(Stored data)
————————
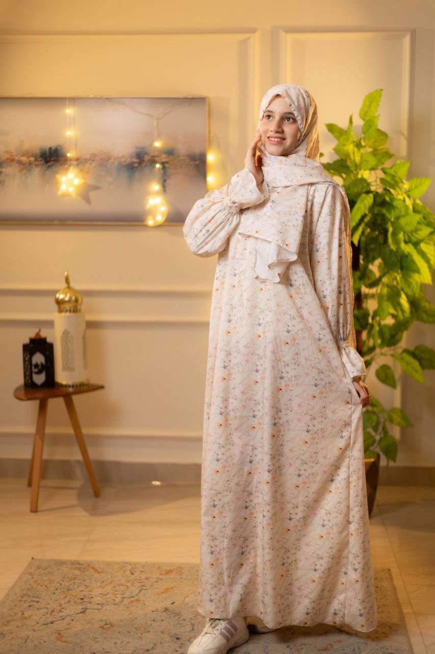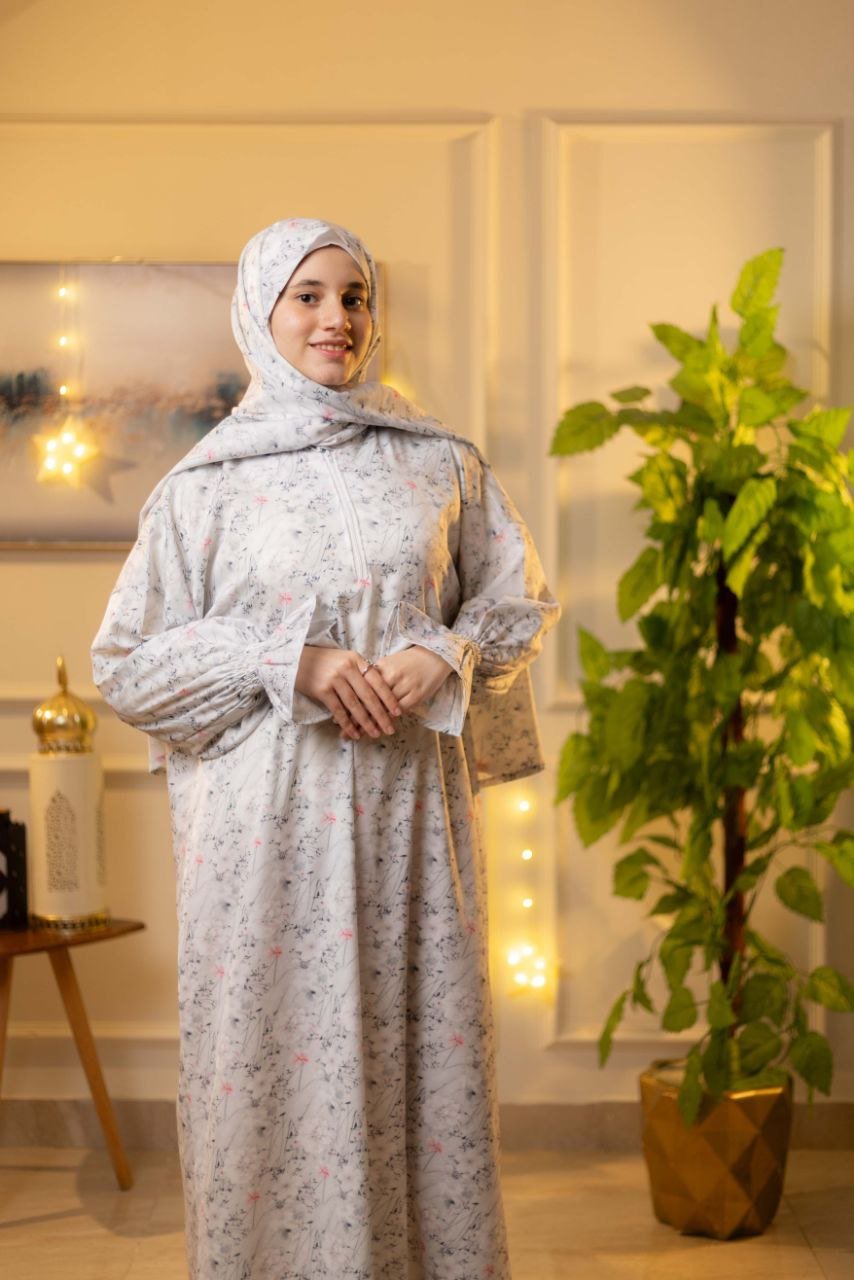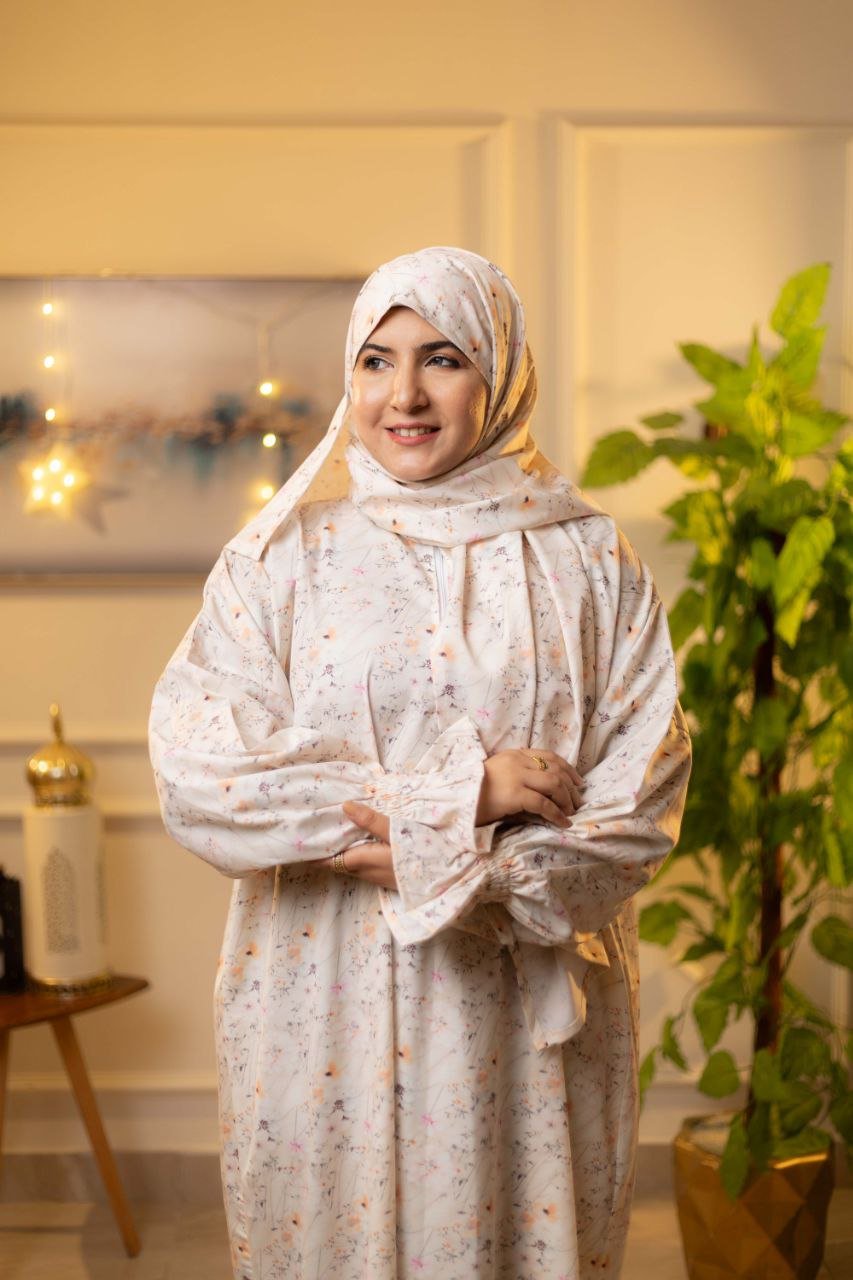 • مزود بسوستة من الصدر وكم استيك لسهولة الاستخدام وطرحة طويلة 175*65
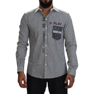 Dolce & Gabbana Gray White Striped Slim Fit Shirt
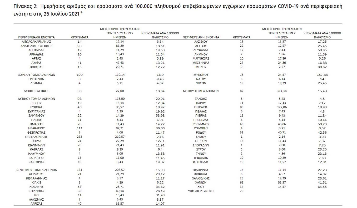 Σε όλη τη χώρα, με βάση τα δεδομένα που έχουν δηλωθεί στον ΕΟΔΥ και καταγραφεί μέχρι τις 26 Ιουλίου 2021 (ώρα 15:00), τα νέα εργαστηριακά επιβεβαιωμένα κρούσματα της νόσου που καταγράφηκαν τις τελευταίες 24 ώρες είναι 2.070 , εκ των οποίων 13 εντοπίστηκαν κατόπιν ελέγχων στις πύλες εισόδου της χώρας.
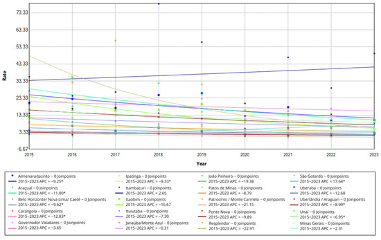 Analyzing the annual increase (APC) in the overall detection rate over the entire period (2015 to 2023), seven of these micro-regions showed a significant downward trend (p < 0.05): Almenara/Jacinto (APC = −9.25; 95%CI −16.61–−1.10), Araçuaí (APC = −11.79; 95%CI −17.85–−5.22), Belo Horizonte/Nova Lima/Caeté (APC = −9.61; 95%CI −14.65–−4.16), Carangola (APC = −12.83; 95%CI −23.67–−0.26), Ipatinga (APC = −9.32; 95%CI −14.74–−3.43), Uberlândia/Araguari (APC = −8.98; 95%CI −17.02–0.00) and Unaí (APC = −6.95; 95%CI −12.03–−1.42).
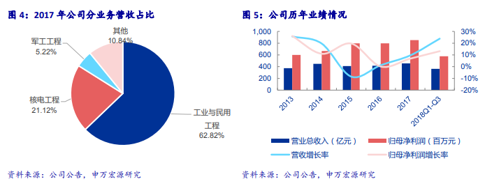 核電建設(shè)行業(yè)絕對龍頭,業(yè)績穩(wěn)健,積極擴張民用與工業(yè)領(lǐng)域。公司是中國核建集團(tuán)旗下核電工程商,實際控制人為國資委。截至目前公司承建我國絕大多數(shù)核電站的核島工程,系我國核電建設(shè)領(lǐng)域領(lǐng)軍企業(yè),在國內(nèi)核電工程市場長期占據(jù)絕對主導(dǎo)地位。近年來公司依托技術(shù)優(yōu)勢,積極拓展工業(yè)與民用工程,2017 年工業(yè)與民用業(yè)務(wù)貢獻(xiàn) 55.96%的毛利,較 2011 年增長 16.11 個百分點。公司整體業(yè)績穩(wěn)健,2012-2017 年歸母凈利潤復(fù)合增速達(dá) 12.38%。2016 年公司順利登陸 A 股,募資加碼建設(shè)核電工程。截至 2017 年底,公司在國內(nèi)已建成核電機組 39 臺,在建 19 臺;在國外已建成核電機組 4 臺,在建 2 臺。
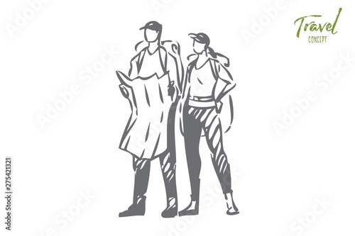 Tourism concept sketch. Isolated vector illustration
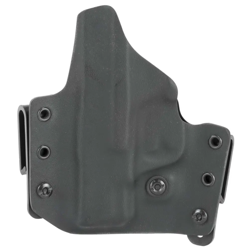 L.A.G. Tactical custom Kydex holster is designed to meet each individual shooter's preference. The holster is extremely comfortable and designed to keep the gun close to the body, making it easy to conceal carry mid to full size gun in a t-shirt without printing. All of Kydex holsters come standard with both IWB and OWB (inside and outside the waistband) belt loops. This allows you to go from concealed to open carry in minutes with one holster. The Defender features easily adjustable retention and is designed to be so comfortable and lightweight. The easily interchangeable belt loops take you seamlessly from your outside the waistband range set up, to your highly concealable inside the waistband daily carry in no time at all. This model is compatible with Smith & Wesson Shield.
————————
**Task brief**
Each entry above has to be set down again verbatim, except for its pictures.

**Output for this exercise**
 • مزود بسوستة من الصدر وكم استيك لسهولة الاستخدام وطرحة طويلة 175*65
 Dolce & Gabbana Gray White Striped Slim Fit Shirt
 Σε όλη τη χώρα, με βάση τα δεδομένα που έχουν δηλωθεί στον ΕΟΔΥ και καταγραφεί μέχρι τις 26 Ιουλίου 2021 (ώρα 15:00), τα νέα εργαστηριακά επιβεβαιωμένα κρούσματα της νόσου που καταγράφηκαν τις τελευταίες 24 ώρες είναι 2.070 , εκ των οποίων 13 εντοπίστηκαν κατόπιν ελέγχων στις πύλες εισόδου της χώρας.
 Analyzing the annual increase (APC) in the overall detection rate over the entire period (2015 to 2023), seven of these micro-regions showed a significant downward trend (p < 0.05): Almenara/Jacinto (APC = −9.25; 95%CI −16.61–−1.10), Araçuaí (APC = −11.79; 95%CI −17.85–−5.22), Belo Horizonte/Nova Lima/Caeté (APC = −9.61; 95%CI −14.65–−4.16), Carangola (APC = −12.83; 95%CI −23.67–−0.26), Ipatinga (APC = −9.32; 95%CI −14.74–−3.43), Uberlândia/Araguari (APC = −8.98; 95%CI −17.02–0.00) and Unaí (APC = −6.95; 95%CI −12.03–−1.42).
 核電建設(shè)行業(yè)絕對龍頭,業(yè)績穩(wěn)健,積極擴張民用與工業(yè)領(lǐng)域。公司是中國核建集團(tuán)旗下核電工程商,實際控制人為國資委。截至目前公司承建我國絕大多數(shù)核電站的核島工程,系我國核電建設(shè)領(lǐng)域領(lǐng)軍企業(yè),在國內(nèi)核電工程市場長期占據(jù)絕對主導(dǎo)地位。近年來公司依托技術(shù)優(yōu)勢,積極拓展工業(yè)與民用工程,2017 年工業(yè)與民用業(yè)務(wù)貢獻(xiàn) 55.96%的毛利,較 2011 年增長 16.11 個百分點。公司整體業(yè)績穩(wěn)健,2012-2017 年歸母凈利潤復(fù)合增速達(dá) 12.38%。2016 年公司順利登陸 A 股,募資加碼建設(shè)核電工程。截至 2017 年底,公司在國內(nèi)已建成核電機組 39 臺,在建 19 臺;在國外已建成核電機組 4 臺,在建 2 臺。
 Tourism concept sketch. Isolated vector illustration
 L.A.G. Tactical custom Kydex holster is designed to meet each individual shooter's preference. The holster is extremely comfortable and designed to keep the gun close to the body, making it easy to conceal carry mid to full size gun in a t-shirt without printing. All of Kydex holsters come standard with both IWB and OWB (inside and outside the waistband) belt loops. This allows you to go from concealed to open carry in minutes with one holster. The Defender features easily adjustable retention and is designed to be so comfortable and lightweight. The easily interchangeable belt loops take you seamlessly from your outside the waistband range set up, to your highly concealable inside the waistband daily carry in no time at all. This model is compatible with Smith & Wesson Shield.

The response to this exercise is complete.